**WHAT THIS TASK INVOLVES:**
Exactly and only the lines from the line holding "健倫(JEEANLEAN)JLAB105標準成人臺球桌 家用臺黑八美式桌球臺中式頂配款 自營" to the end of the records should be reproduced. Leave pictures out.

**ENTRIES SHOWN:**

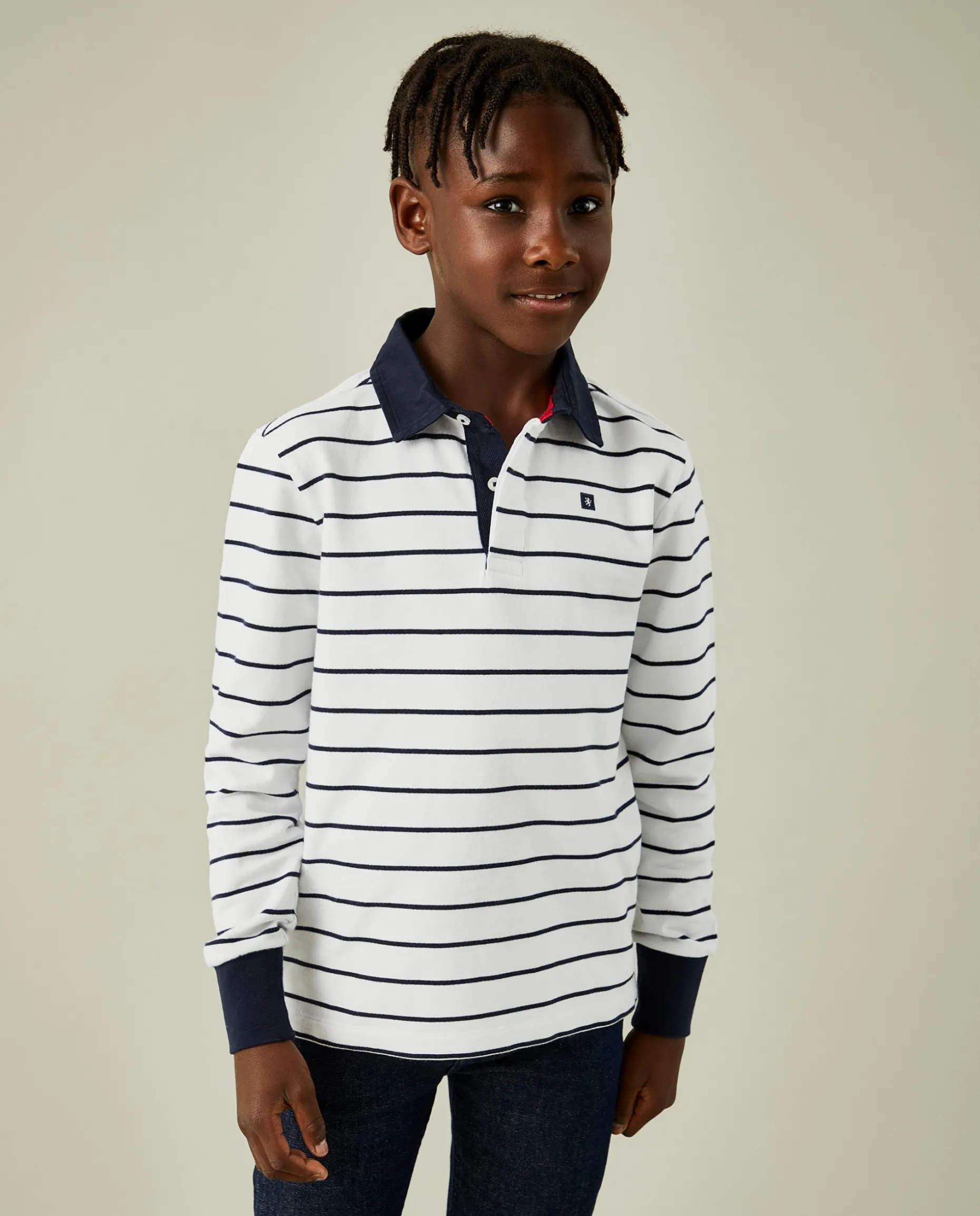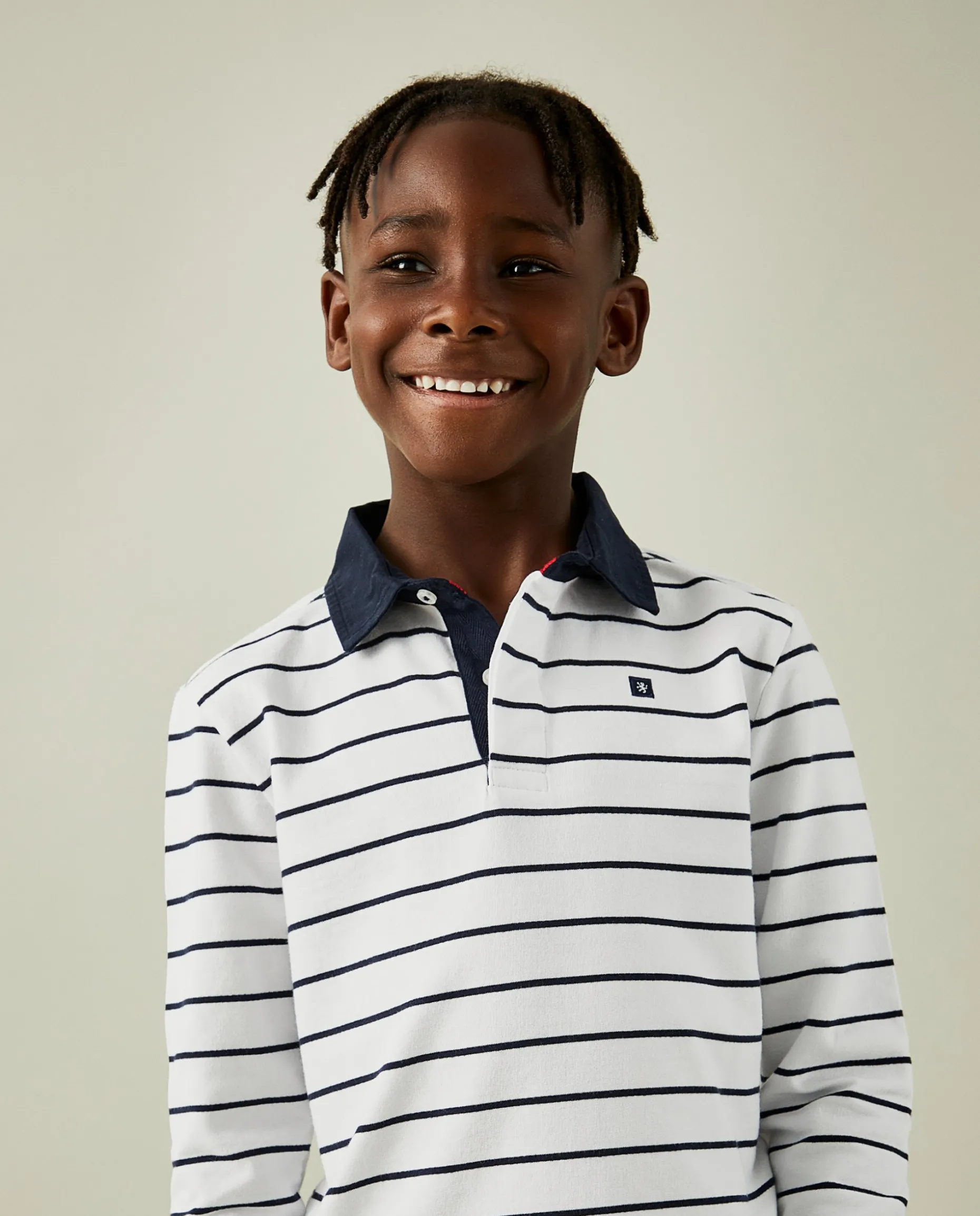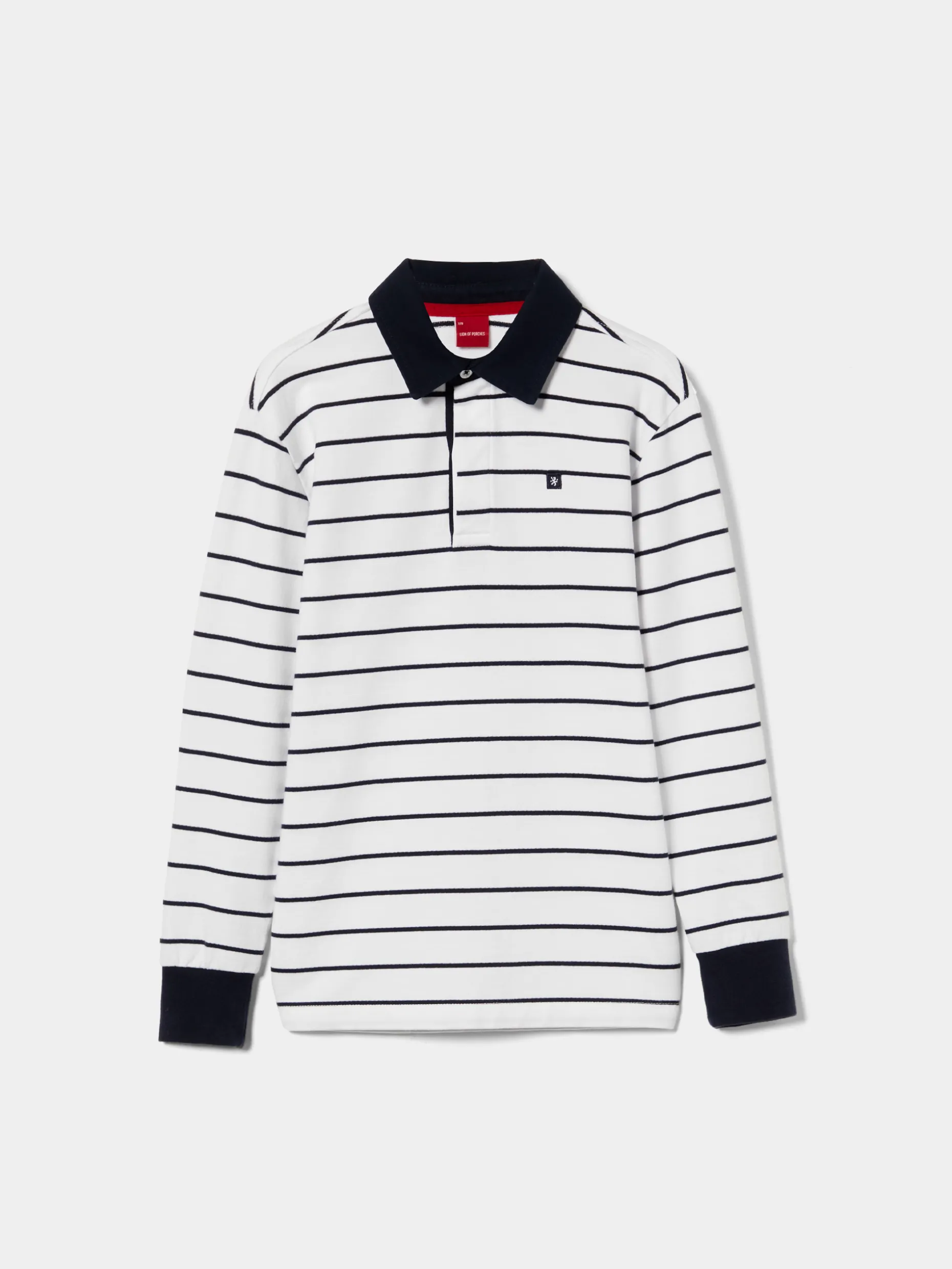 Polo de manga comprida com padrão de riscas. Pormenor diferenciador de gola e punhos em contraste de cor e leão da marca no peito. Confecionado em algodão para maior conforto.
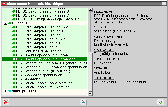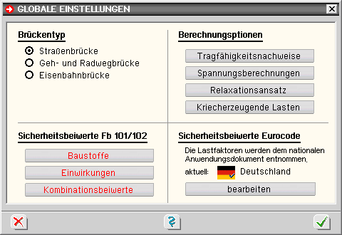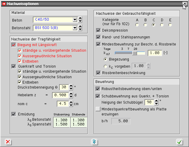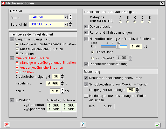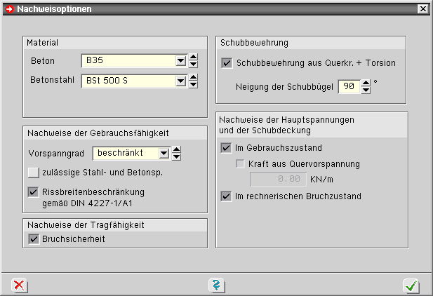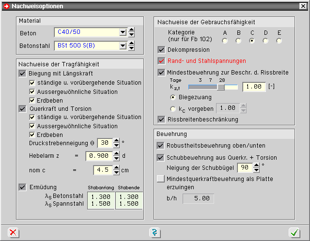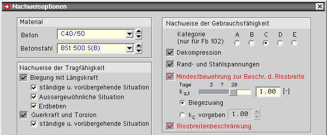 | Wahl des Nachweises im End- oder Bauzustand über den Optionsschalter |
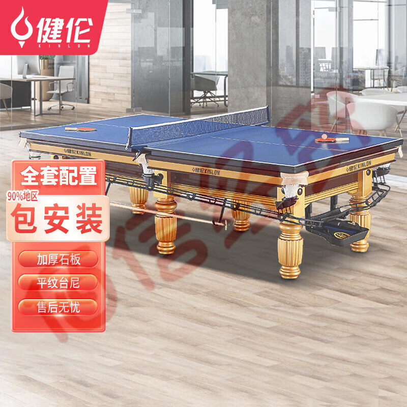 健倫(JEEANLEAN)JLAB105標準成人臺球桌 家用臺黑八美式桌球臺中式頂配款 自營
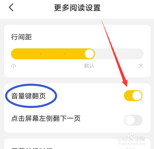 第三步:进入更多阅读设置界面,选择【音量键翻页】打开滑块
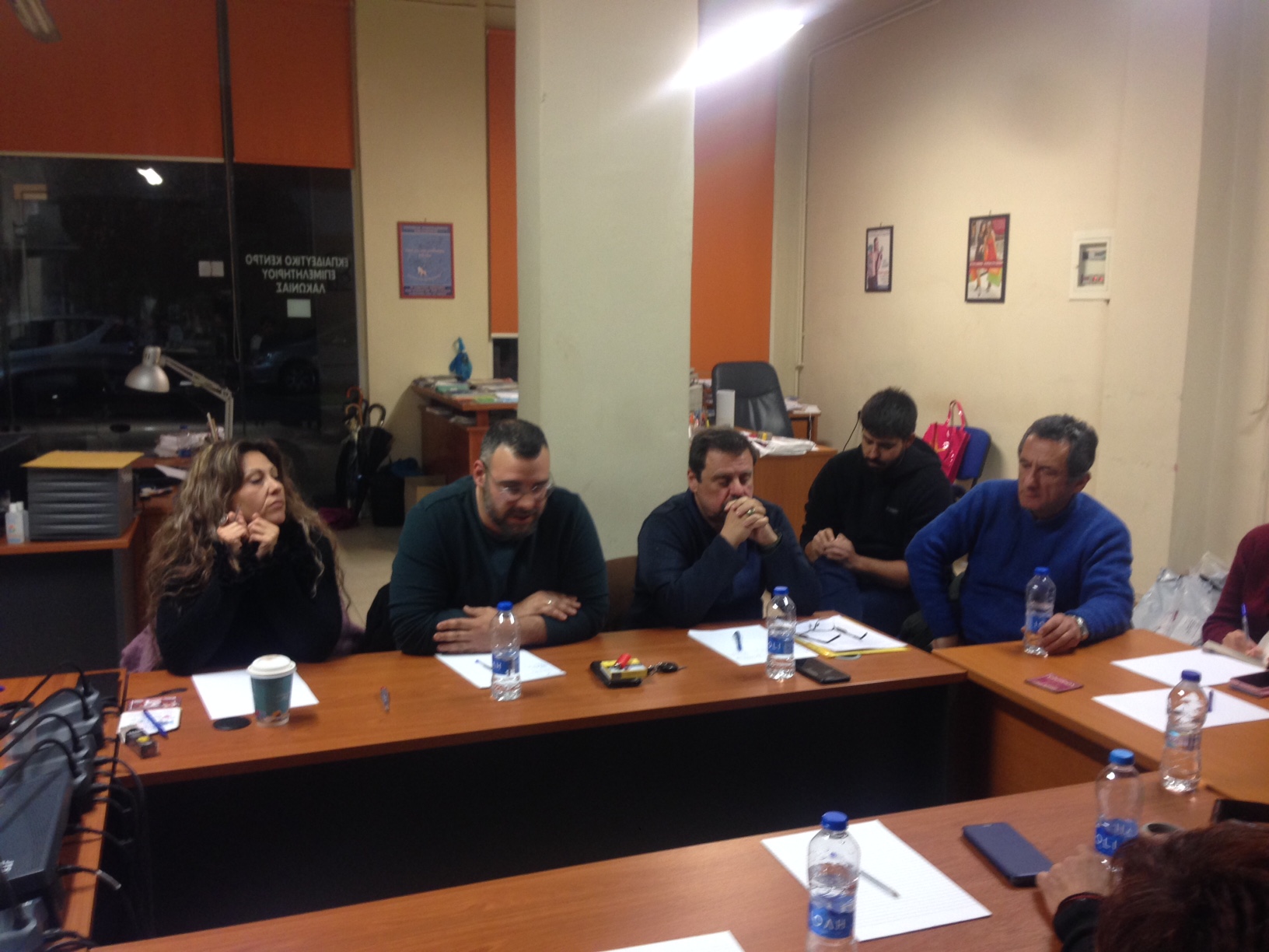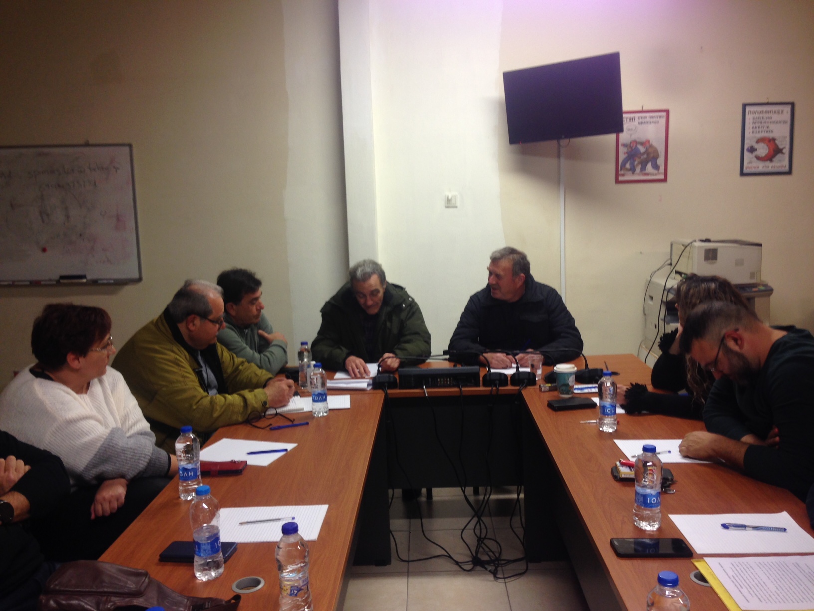 Στον χώρο της ΟΕΒΕΛ συναντήθηκαν οι: Παναγιώτης Κουμουνδούρος (ΑΔΕΔΥ Λακωνίας), Νίκος Μηνακάκης (Εργατικό Κέντρο Λακωνίας), Σωτήρης Ηλιόπουλος (ΟΕΒΕΛ), Δημήτρης Κωτσονούρης (ΑΔΕΔΥ Λακωνίας), Τάσος Παπαγιαννάκος (ΠΛΗΘΩΝ), Παναγιώτα Παπαγιαννοπούλου (Σύλλογος Φοροτεχνικών-Λογιστών), Μαριάννα Μοίρα (ΠΛΗΘΩΝ), Τριαντάφυλλος Ζάβαλης (ΑΔΕΔΥ Λακωνίας), Πολυξένη Μπατσάκη (ΣΥΠΕΛ, ΑΔΕΔΥ), Θεόδωρος Καψάλης (ΑΔΕΔΥ), Γρηγόρης Βουλουμάνος (Πολιτικοί Μηχανικοί Λακωνίας), Βασίλης Βρουλίτης (ΟΑΣΠΠ), Ηλίας Αρφάνης (Αγροτ/φοι Σπάρτης, μπλόκο), Ελένη Παινέση (Ιδιωτικοί Υπάλληλοι).

**RESULT FOR THIS TASK:**
 健倫(JEEANLEAN)JLAB105標準成人臺球桌 家用臺黑八美式桌球臺中式頂配款 自營
 第三步:进入更多阅读设置界面,选择【音量键翻页】打开滑块
 Στον χώρο της ΟΕΒΕΛ συναντήθηκαν οι: Παναγιώτης Κουμουνδούρος (ΑΔΕΔΥ Λακωνίας), Νίκος Μηνακάκης (Εργατικό Κέντρο Λακωνίας), Σωτήρης Ηλιόπουλος (ΟΕΒΕΛ), Δημήτρης Κωτσονούρης (ΑΔΕΔΥ Λακωνίας), Τάσος Παπαγιαννάκος (ΠΛΗΘΩΝ), Παναγιώτα Παπαγιαννοπούλου (Σύλλογος Φοροτεχνικών-Λογιστών), Μαριάννα Μοίρα (ΠΛΗΘΩΝ), Τριαντάφυλλος Ζάβαλης (ΑΔΕΔΥ Λακωνίας), Πολυξένη Μπατσάκη (ΣΥΠΕΛ, ΑΔΕΔΥ), Θεόδωρος Καψάλης (ΑΔΕΔΥ), Γρηγόρης Βουλουμάνος (Πολιτικοί Μηχανικοί Λακωνίας), Βασίλης Βρουλίτης (ΟΑΣΠΠ), Ηλίας Αρφάνης (Αγροτ/φοι Σπάρτης, μπλόκο), Ελένη Παινέση (Ιδιωτικοί Υπάλληλοι).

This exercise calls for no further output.